The Countess had recovered from certain spiritual languors into which she had fallen after her retreat. Ultimate victory hung still in the balance. Oh! if Evan would only marry this little sufferer, who was so sure to die within a year! or, if she lived (for marriage has often been as a resurrection to some poor female invalids), there was Beckley Court, a splendid basis for future achievements. Reflecting in this fashion, the Countess pardoned her brother. Glowing hopes hung fresh lamps in her charitable breast. She stepped across the threshold of Tailordom, won Mr. Goren’s heart by her condescension, and worked Evan into a sorrowful mood concerning the invalid. Was not Juliana his only active friend? In return, he said things which only required a little colouring to be very acceptable to her. The game waxed exciting again. The enemy (the Jocelyn party), was alert, but powerless. The three sisters were almost wrought to perform a sacrifice far exceeding Evan’s. They nearly decided to summon him to the house: but the matter being broached at table one evening, Major Strike objected to it so angrily that they abandoned it, with the satisfactory conclusion that if they did wrong it was the Major’s fault.

Meantime Juliana had much on her conscience. She knew Evan to be innocent, and she allowed Rose to think him guilty. Could she bring her heart to join them? That was not in her power: but desiring to be lulled by a compromise, she devoted herself to make his relatives receive him; and on days of bitter winds she would drive out to meet him, answering all expostulations with—“I should not go if he were here.”
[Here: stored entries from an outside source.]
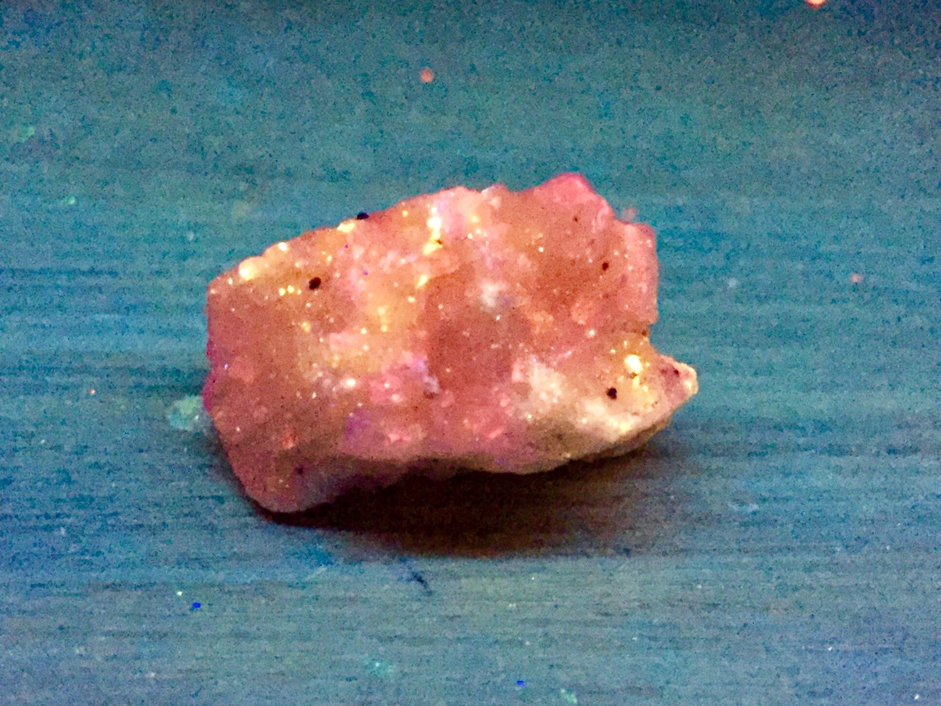 この石は紫外線の「短波」ライトを当てると想像以上の思いも寄らない「輝き」で蛍光します。
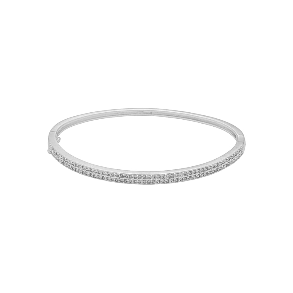 Bracelete com duas fileiras de pedras 1mm zircônia, medindo 5,5x 6,2cm BANHO DE RÓDIO
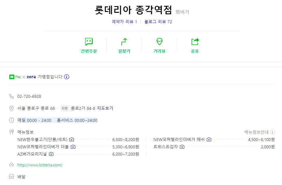 롯데리아 종각역점 영업시간
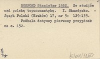 ROSPOND Stanisław 1932 Ze studjów nad polską toponomastyką. I. Skarżysko.
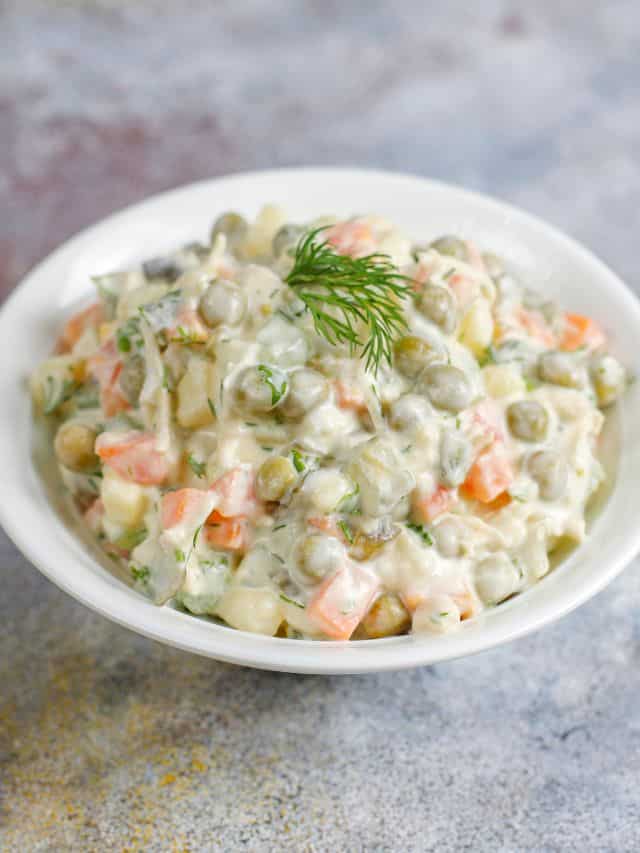 Russian salad blends soft potatoes, peas and carrots with a creamy, mildly tangy dressing that feels both comforting and refreshing. The vegetables stay tender without turning mushy, giving the salad a pleasant bite. It’s a versatile dish that works as a chilled side, a snack or even a sandwich filling.
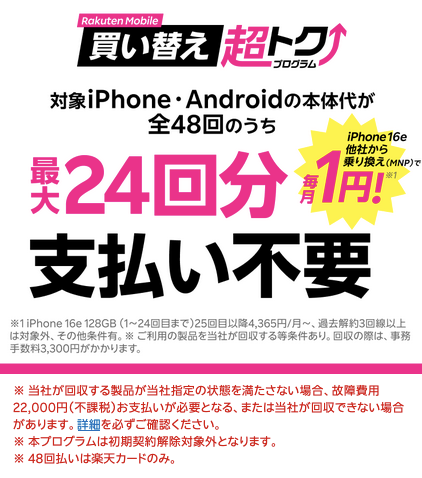 楽天モバイルのキャンペーン・買い替え超トクプログラムが使える
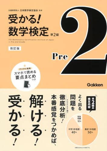 ¥数学検定準2級(高校1年生程度目安)の対策用問題集/ ●よくでる問題から、効率的に! 近年実施された検定問題を、Gakken編集部が徹底的に分析! 頻出問題を優先して掲載しているので、効率的に合格力を高めることができます。はじめに単元の重要ポイントをおさえつつ、「基本練習」「実戦練習」と徐々に問題もステップアップ! 解き進めるうちに、無理なく検定レベルの問題が解ける実力が身につきます。 ●1次・2次の二部構成で、本番の心構えができる! 数学検定の準2級は、主に計算力を測る計算技能検定(1次)と、応用力を測る数理技能検定(2次)に分かれています。同じ単元でも1次と2次で問題傾向が異なるため、それぞれのちがいをきちんと理解したうえで本番に臨むことが望ましいです。本書は二部構成になっており、前半で1次の対策、後半で2次の対策、とそれぞれのちがいを意識しながらしっかり対策することができます。 ●本番そっくりの模擬検定問題 & スマホで読める要点まとめつき! 巻末には、「模擬検定問題」が1回分ついています。学習の最後に挑戦して、自分の実力を確かめるとともに、本番の出題形式や時間感覚
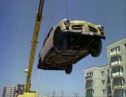 | Zapinają linami P70. W środku pozostaje śpiewaczka. Kubiak zaczyna nieudolnie sterować dźwigiem. | ![]() |
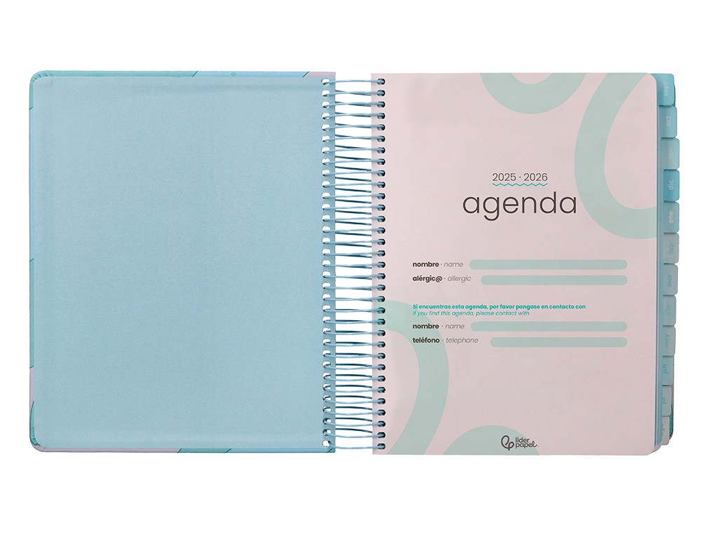 Agenda escolar liderpapel 25-26 espiral zante dia pagina a6 bilingüe papel fsc 80 gr
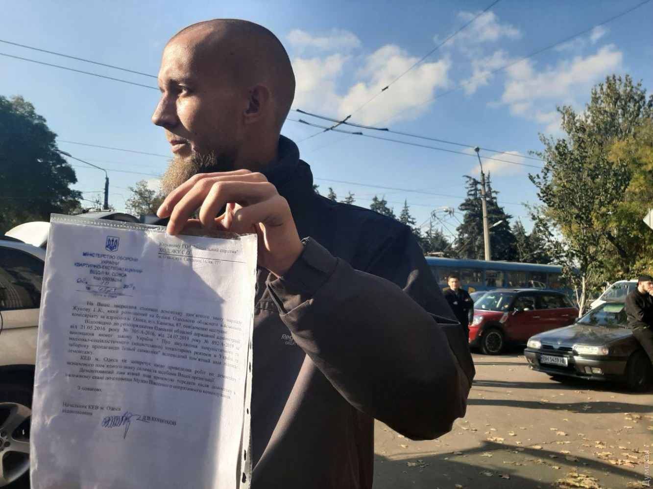 31 октября со здания военкомата в Одессе (ул. Канатная, 87) убрали барельеф советскому маршалу Жукову. Его демонтировали члены общественной организации "Національний спротив", которые позиционируют себя, как борцы за демократические ценности и борцы против коррупции.
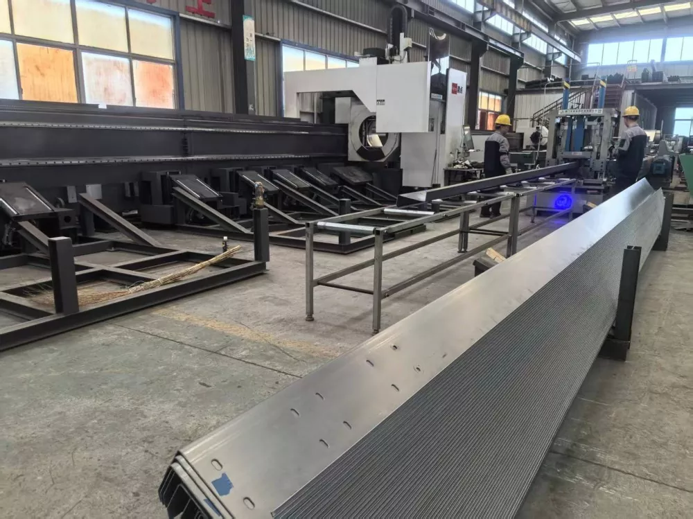 2. Děrování: Vybaveno CNC děrovací jednotkou, podporuje víceúhlové děrování stojin a přírub s tolerancí průměru otvoru ±0,2 mm a přesností rozteče otvorů ±0,3 mm. Může také současně vytvářet otvory odpovídající americkým standardním ocelovým spojovacím vzorům C-profilu (jako jsou otvory adaptéru Simpson Strong-Tie).
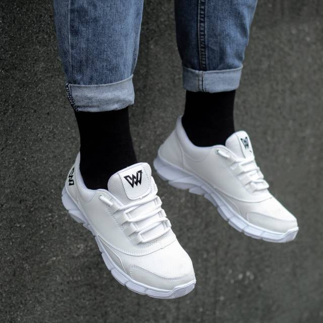 Sepatu Putih Pria Sneakers Casual Polos Kasual Cowok Lokal Wolf
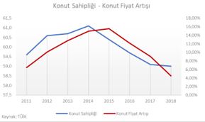 Özetle, konut alımları için yeterli gelirdeki azalma, stok artışı ile konut fiyatlarında görülen azalma ve reel getirinin düşmesi konut sahipliği oranlarının düşüşünde etkili olmuştur.
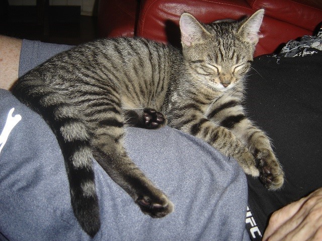I am an adorable little man full of life and I love to play. I get along well with other cats once I get to know them. I hope they like a bit of wrestling. I'm a very curious kitten; the whole world is a fascinating place full of wondrous things to be explored. If you're not watching closely you might find me hidden in your linen cupboard or out investigating the garden. I can be real livewire! I would be happy playing in your home if it has toys and a scratching post. I am fine with dogs but I don't realise that they can be dangerous so please look after me when there is a dog around. I look forward to meeting my new family.

The game waxed hot. It became a question whether Evan should be admitted to the house in spite of the Major. Juliana now made an extraordinary move. Having the Count with her in the carriage one day, she stopped in front of Mr. Goren’s shop, and Evan had to come out. The Count returned home extremely mystified. Once more the unhappy Countess was obliged to draw bills on the fabulous; and as she had recommenced the system, which was not without its fascinations to her, Juliana, who had touched the spring, had the full benefit of it. The Countess had deceived her before—what of that? She spoke things sweet to hear. Who could be false that gave her heart food on which it lived?

One night Juliana returned from her drive alarmingly ill. She was watched through the night by Caroline and the Countess alternately. In the morning the sisters met.
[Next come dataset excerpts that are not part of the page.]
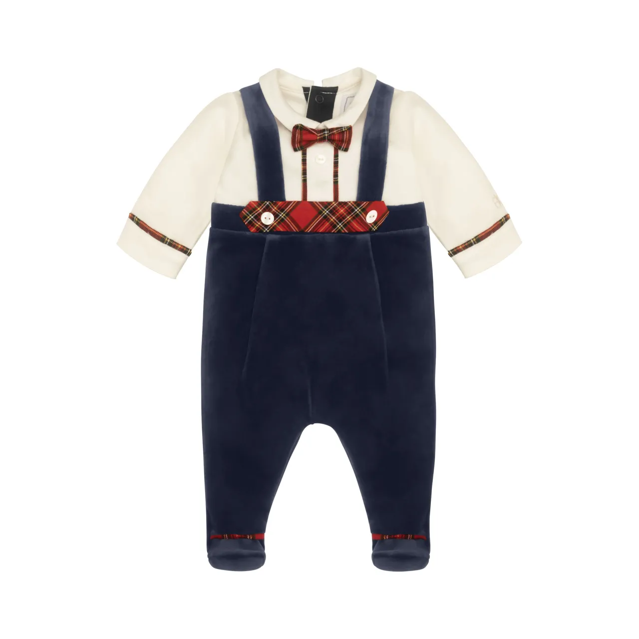 - Collared neckline, bow tie detail, fastening to the back, velour faux trousers, tartan details, long sleeves, enclosed booties
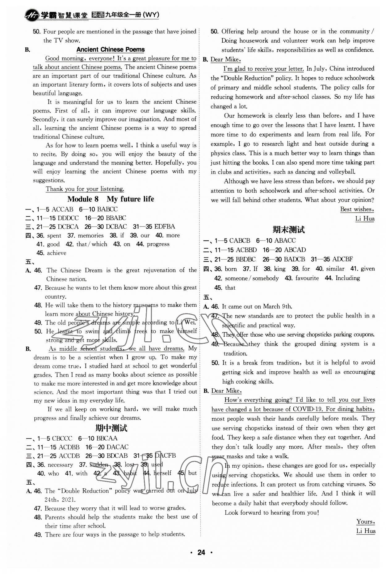 注:目前有些书本章节名称可能整理的还不是很完善,但都是按照顺序排列的,请同学们按照顺序仔细查找。练习册 2023年学霸智慧课堂九年级英语全一册外研版 答案主要是用来给同学们做完题方便对答案用的,请勿直接抄袭。
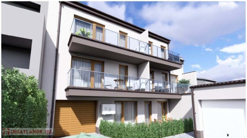 A földszinti lakás: 45 m2 + teraszkapcsolat, 1 szoba + nappalis elosztással. Egyedi gázfűtés, padló fűtés. Ára: 54.900.000 Ft
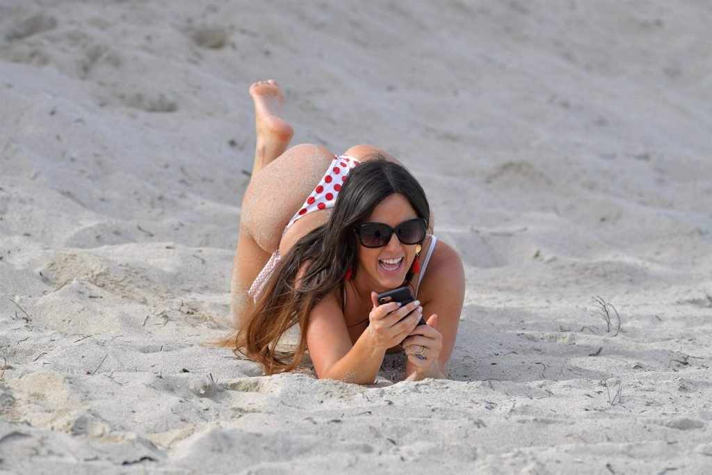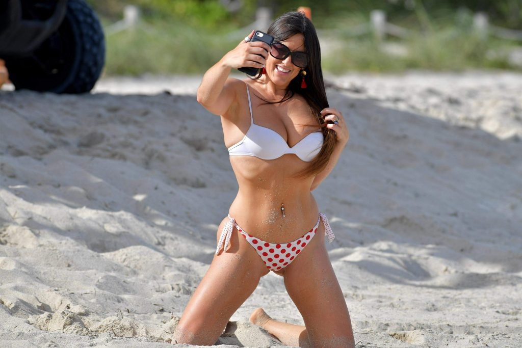 Le mannequin et star de la télé-réalité Claudia Romani, 35 ans, pose en bikini pour une séance photo de la Saint-Valentin sur la plage de Miami, 14/02/2018.
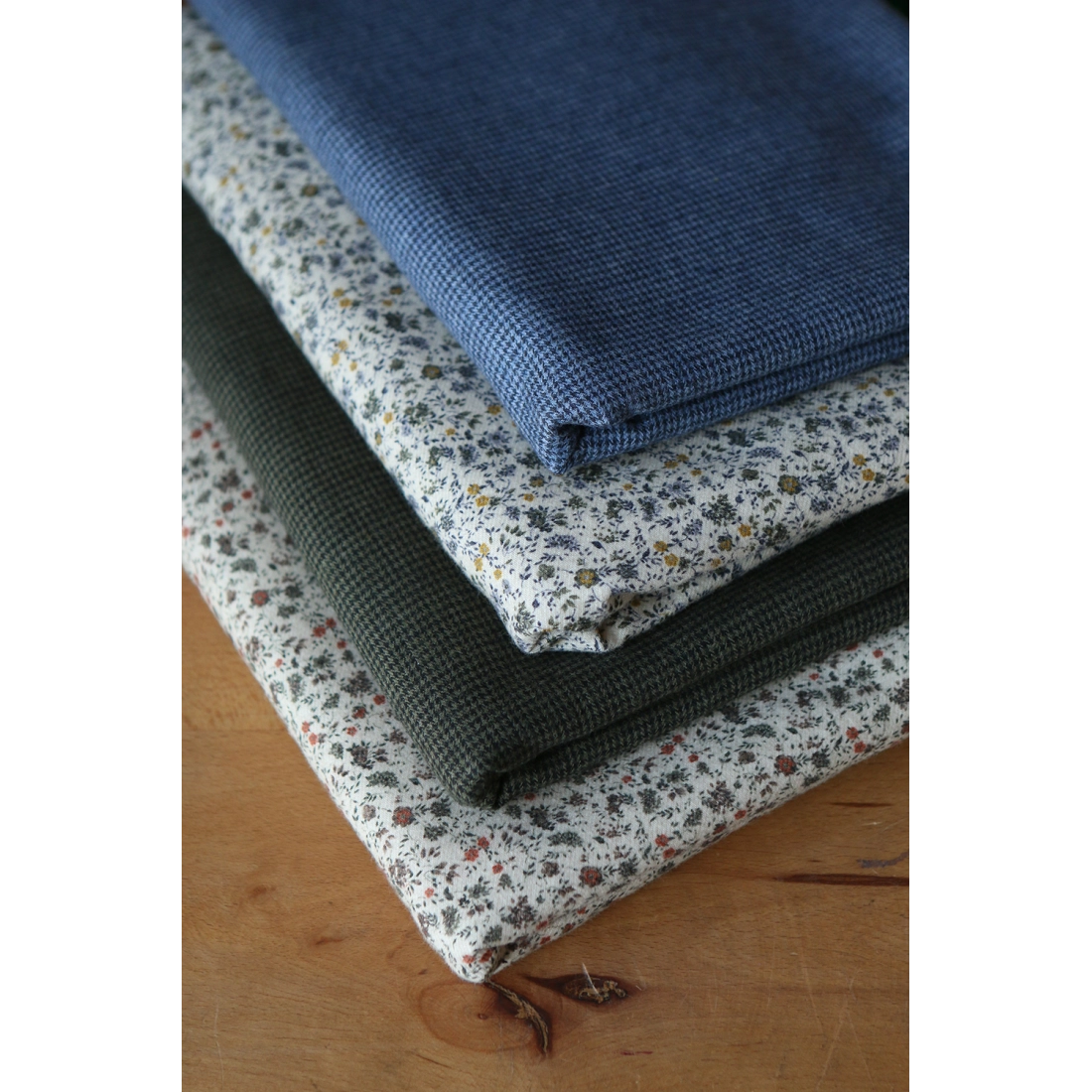 Coco - Coton gratté doux tissage mini pied de poule (pied de puce) Bleu

“She has consented to let us send for a doctor,” said Caroline.

“Her chief desire seems to be a lawyer,” said the Countess.

“Yes, but the doctor must be sent for first.”

“Yes, indeed! But it behoves us to previse that the doctor does not kill her before the lawyer comes.”

Caroline looked at Louisa, and said: “Are you ignorant?”

“No—what?” cried the Countess eagerly.

“Evan has written to tell Lady Jocelyn the state of her health, and—”

“And that naturally has aggravated her malady!” The Countess cramped her long fingers. “The child heard it from him yesterday! Oh, I could swear at that brother!”

She dropped into a chair and sat rigid and square-jawed, a sculpture of unutterable rage.

In the afternoon Lady Jocelyn arrived. The doctor was there—the lawyer had gone. Without a word of protest Juliana accompanied her ladyship to Beckley Court. Here was a blow!

But Andrew was preparing one more mighty still. What if the Cogglesby Brewery proved a basis most unsound? Where must they fall then? Alas! on that point whence they sprang. If not to Perdition—Tailordom!